If we look at the current conflicts, we will see that there are two bands fighting for completely opposite objectives: on the one side we have a country that is trying to move global oil production away from traditional suppliers in the Middle East toward North America and new suppliers of conventional oil, such as Africa; on the other side we are observing how the Organization of the Petroleum Exporting Countries (OPEC) is trying to keep propping up oil prices.

In the first band, there is an effort to push oil prices down by considering easing sanctions on Iran and by increasing its crude-oil inventories.

For example, the American Petroleum Institute (API) reported an increase of 4.1 million barrels of crude-oil inventories for the week ending October 4, and the US Energy Information Administration (EIA) reported an increase of 2.9 million barrels. In this context, it shouldn’t be a surprise that the EIA is expecting lower crude-oil prices in the fourth quarter of 2019 and in 2020 despite tighter global balances. To be more precise, the EIA forecasts that Brent spot prices will average US$59 a barrel in the fourth quarter of 2019 and then fall to $57 by the second quarter of 2020.

Meanwhile, the second band is cutting supplies to push oil prices up. On Tuesday, OPEC secretary general Mohammad Barkindo said deeper output cuts were an option. He said OPEC would do what it could with allied producers to sustain oil-market stability beyond 2020. In conclusion, OPEC, Russia and other producers have agreed to cut oil output by 1.2 million barrels per day until March 2020. Military action in Syria also helped WTI crude oil prices to increase by more than 4,6% in just three days.

To summarize, the future of the energy industry and, in particular, oil prices depends not so much on supply and demand but on the winning party of the above-mentioned competing bands.

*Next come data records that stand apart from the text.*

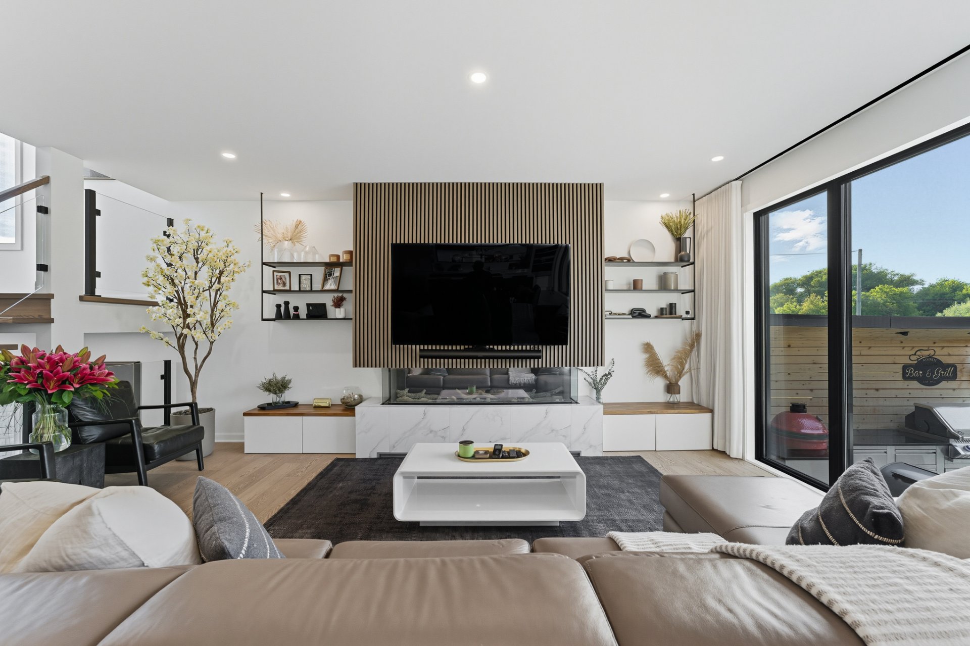 * Foyer au gaz de marque Napoleon au salon;
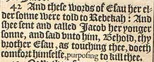 42 And these words of Esau her elder sonne were told to Rebekah: And shee sent and called Iacob her yonger sonne, and said vnto him, Behold, thy brother Esau, as touching thee, doeth comfort himselfe, purposing to kill thee.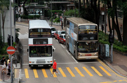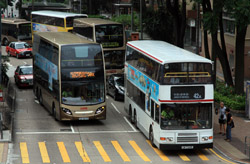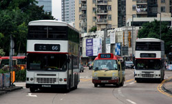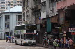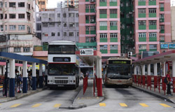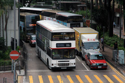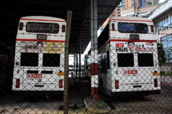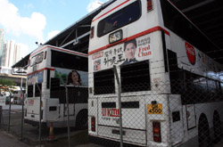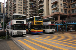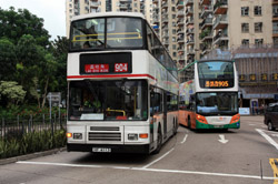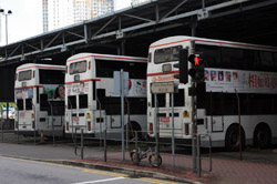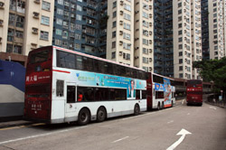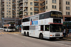 Many more of these older air-conditioned double deckers are parked at the Lai Chi Kok depot.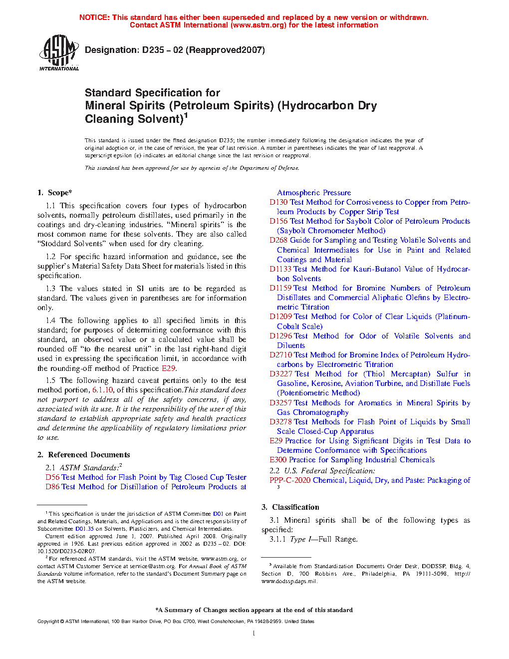 1.1 This specification covers four types of hydrocarbon solvents, normally petroleum distillates, used primarily in the coatings and dry-cleaning industries. “Mineral spirits” is the most common name for these solvents. They are also called “Stoddard Solvents” when used for dry cleaning.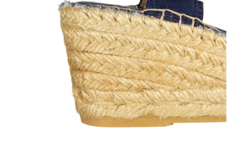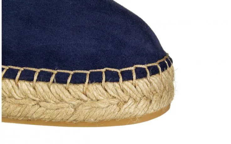 Espadryle z zabudowanym, okrągłym noskiem wykonane z zamszu i i oddychającej tekstylnej wyściółki. Elastyczne paski boczne, które zapewniają doskonałe wsparcie stopy. Wkładka wyłożona tkaniną. Podeszwy z antyposlizgowej gumy odpornej na ścieranie doskonale amortyzują stopy na różnego rodzaju podłożu. Skóra i podeszwa są ręcznie zszyte wysokiej jakości nićmi bawełnianymi.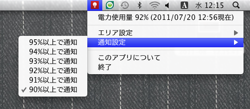 当アプリケーションは、東京電力、東北電力、中部電力、関西電力、九州電力の5電力会社に対応しており、ユーザーは、表示・通知する電力会社を選択出来るほか、何パーセントで通知を行うかを設定することもできます。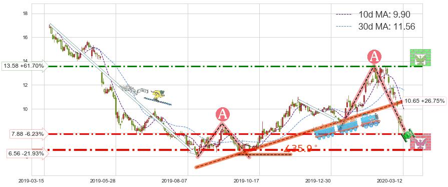♘ 阻力价格位13.58,可信任强度56.90%,距离最后交易2020-03-13形成的收盘价格8.40相差 +61.70%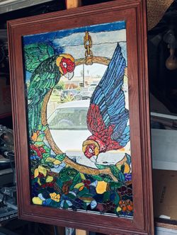Great Gift For The Person Who Has Everything Faux Stained Glass Mirror Parrots On A Swing And Peacock On A Perch$120Rialto, CA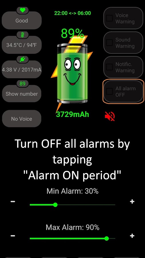 В приложении Сигнализация батареи нет рекламы, он не ворует данные с телефона, не использует интернет, не использует критически важные лицензии Android, GPS, GSM …

The most interesting fact is that the US has more instruments to keep oil prices down. These include oil-production growth, sanctions against OPEC members, besides Venezuela and Iran, trade disputes, and shrinking demand for oil.

Curiously, the iShares MSCI Global Metals & Mining Producers ETF (PICK), which tracks the investment results of an index composed of global equities of companies primarily engaged in mining, extraction or production of diversified metals, excluding gold and silver, has a positive correlation with crude-oil prices, in this case Brent, and an inverse relationship with gold prices.